Outro ponto insistentemente mencionado pelos opositores do "provão" refere-se à autonomia do universidade, que estaria sendo desrespeitada na medida em que uma instância externa realiza uma atividade de sua competência. Ao exigir que o aluno faça o "provão" para obter o diploma, a lei estaria indo de encontro à Constituição, que permite à universidade diplomar aqueles que concluem os cursos. Podemos detectar, sem esforço, nessa argumentação, uma resistência a qualquer tipo de avaliação que não seja corporativista. A ênfase em "processos democráticos de avaliação", "transparência completa", "avaliação com participação ampla dos departamentos" (e, possivelmente, plenárias, em alguns casos) ou "auto-avaliação" são instrumentos retóricos que ocultam um componente intrínseco de negação de qualquer hierarquia do saber e da vida universitária. Na verdade, trata-se de dar às universidades não simplesmente a autonomia, mas a "soberania". Esquecem-se, alguns, que as universidades federais mantêm-se com recursos públicos, sendo necessário que o Poder Público, como representante da sociedade, avalie o seu desempenho. Afinal de contas, professores das universidades públicas brasileiras são funcionários públicos e deveriam ser avaliados como o são - ou deveriam ser - os demais funcionários. Mais ainda, tratando-se de instituições a serviço da comunidade e sustentadas por ela, é natural que se espere um retorno de qualidade no desempenho das funções que lhes são próprias.

Quanto às instituições privadas, sabemos todos que centenas delas foram improvisadas a "toque-de-caixa" para atender à vaidade e à ganância de empresários inescrupulosos. Uma grande parte não preenche os requisitos mínimos para funcionar como instituição de nível superior. São, na verdade, arapucas para enganar incautos e fabricar diplomas. É preciso, portanto, avaliá-las e dar início a medidas intensas de fiscalização. As que não atenderem a um padrão mínimo de qualidade devem ser obrigadas a se reestruturar. As que não forem capazes de mudar para melhor devem ser fechadas.

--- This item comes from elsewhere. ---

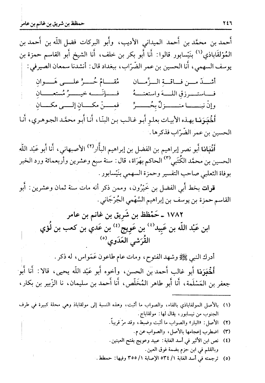 أحمد بن محمد بن أحمد الميداني الأديب وأبو البركات فضل الله بن أحمد بن المولقاباذي (1) بنيسابور قالوا أنا أبو بكر بن خلف أنا الشيخ أبو القاسم حمزة بن يوسف السهمي أنا الحسين بن عمر الضراب ببغداد قال أنشدنا سمعان الصيرفي * أشد من فاقة الزمان * مقام حر على هوان فاسترزق الله واستعنه * فإنه خير مستعان وإن نبا منزل بحر * فمن مكان إلى مكان * أخبرنا بهذه الأبيات بعلو أبو غالب بن البنا أنا أبو محمد الجوهري أنا الحسين بن عمر الضراب فذكرها أنبأنا أبو نصر إبراهيم بن الفضل بن إبراهيم البأار (2) الأصبهاني أنا أبو عبد الله الحسين بن محمد الكتبي (3) ح الحاكم بهراة قال سنة سبع وعشرين وأربعمائة ورد الخبر بوفاة الثعلبي صاحب - التفسير - وحمزة السهمي بنيسابور قرأت بخط أبي الفضل بن خيرون وممن ذكر أنه مات سنة ثمان وعشرين أبو القاسم حمزة بن يوسف بن إبراهيم السهمي الجرجاني 1782 حمظظ بن شريق بن غانم بن عامر ابن عبد الله بن عبيد (4) بن عويج (4) بن عدي بن كعب بن لؤي القرشي العدوي (5) أدرك النبي (صلى الله عليه وسلم) وشهد الفتوح ومات عام طاعون عمواس له ذكر أخبرنا أبو غالب أحمد بن الحسن وأخوه أبو عبد الله يحيى قالا أنا أبو جعفر بن المسلمة أنا أبو طاهر المخلص أنا أحمد بن سليمان نا الزبير بن بكار

Como se vê, Srªs e Srs. Senadores, a base de argumentação dos detratores do "provão" não se sustenta quando submetida a uma reflexão isenta e criteriosa. Para finalizar, cito outro aspecto que vem sendo invocado e que apregoa o "anonimato" do "provão". O objetivo seria evitar que empresas possam exigir as notas dos formandos como critério de admissão. Há uma certa ingenuidade nessa colocação, que não leva em conta a motivação do examinado para aplicar seu esforço e fazer a melhor prova possível. A submissão ao exame é sempre uma situação estressante, que só é absorvida positivamente quando envolve a perspectiva de um ganho pessoal, mesmo que indireto. Por outro lado, desconsidera-se a capacidade de administração de recursos humanos de nossas empresas. Ora, nenhum empregador consciente há de contratar um jovem recém-formado baseado, apenas, no prestígio da faculdade que o formou ou no seu próprio desempenho no "provão". As empresas dispõem de sofisticados mecanismos de seleção e treinamento. Levam-se em conta os estágios realizados, testes psicológicos e entrevistas. Leva-se em conta, também, a faculdade cursada. Isso já existe. É um procedimento natural do mercado.

Srªs e Srs. Senadores, creio que já podemos responder à pergunta enfática com que dei início a este pronunciamento. Já sabemos quem tem medo do "provão": o mau aluno, o empresário despreparado, as instituições incompetentes e os demagogos de todos os "matizes". Ao receber um diploma, o egresso de um curso superior passa a dispor de um alvará de capacitação para o exercício de uma profissão, que o próprio Estado reservou, cativamente, aos portadores desses diplomas. É razoável, portanto, que esse mesmo Estado verifique o nível de qualidade do egresso.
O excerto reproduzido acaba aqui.